In der Adsorbens-Schicht 9 kann das Adsorbens gemäß der
vorliegenden Erfindung für sich allein enthalten sein,
oder die Schicht 9 kann aus diesem Adsorbens im Gemisch
mit anderen Adsorbentien bestehen, oder aber die
Schicht 9 kann aus wenigstens einer Schicht des Adsorbens
gemäß der vorliegenden Erfindung bestehen, der
wenigstens eine Schicht einer anderen Art von Adsorbens
überlagert ist. Als solche anderen Adsorbentien können
Adsorptionsmittel für maligne Substanzen (Antigene) wie
DNA und Aktivkohle mit einem Adsorptionsvermögen über
einen weiten Bereich eingesetzt werden. In diesem Fall
ist zu erwarten, daß sich die erzielte klinische Wirkung
wegen der synergistischen Wirkungen der Adsorbentien
über einen breiten Bereich erstreckt. Wenn die
Adsorptionsvorrichtung für einen ektosomatischen Kreislauf
eingesetzt wird, beträgt vorzugsweise das Volumen
der Adsorbens-Schicht 9 etwa 50 bis etwa 400 ml.

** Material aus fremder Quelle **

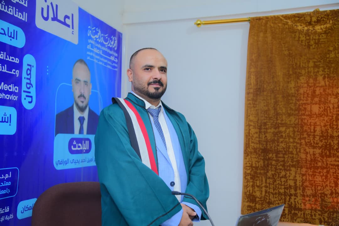 Mr. Dirham Ameen Ahmed Al-Wurafi was awarded a PhD degree in Public Relations and Advertising for his dissertation titled: The Credibility of Celebrity Advertising on Social Media and Its Relationship to Purchasing Behavior of Yemeni Consumer, which was submitted to the Faculty of Mass Communication – Sana’a University. The dissertation defense was held on Wednesday, February 11, 2026.
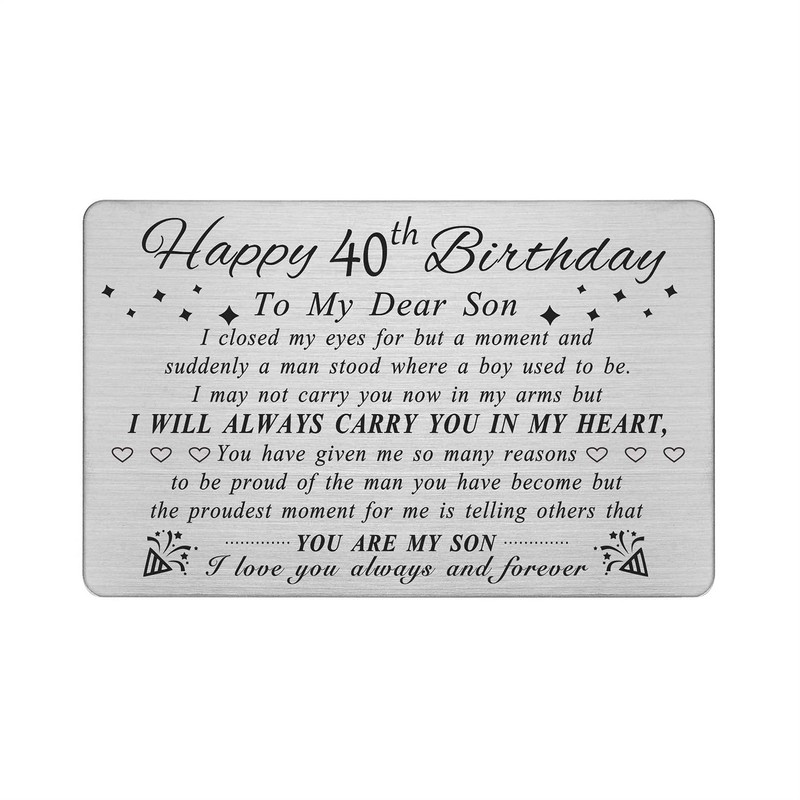 - Son 40th Birthday Cards - Happy 40th birthday to my dear son, I closed my eyes for but a moment and suddenly a man stood where a boy used to be. I may not carry you now in my arms but I WILL ALWAYS CARRY YOU IN MY HEART, You have given me so many reasons to be proud of the man you have become but the proudest moment for me is telling others that YOU ARE MY SON, I love you always and forever

Wenn die Adsorptionsvorrichtung zur Verwendung für die
vorliegende Erfindung für einen ektosomatischen Kreislauf
eingesetzt wird, gelangen normalerweise die beiden
folgenden
Verfahrensweisen zur Anwendung. Nach der einen Methode
wird das dem Inneren eines lebenden Organismus entnommene
Blut mittels eines Zentrifugal-Separators oder
eines Plasma-Separators vom Membran-Typ in den Plasma-Bestandteil
und den Hämatocyten-Bestandteil getrennt.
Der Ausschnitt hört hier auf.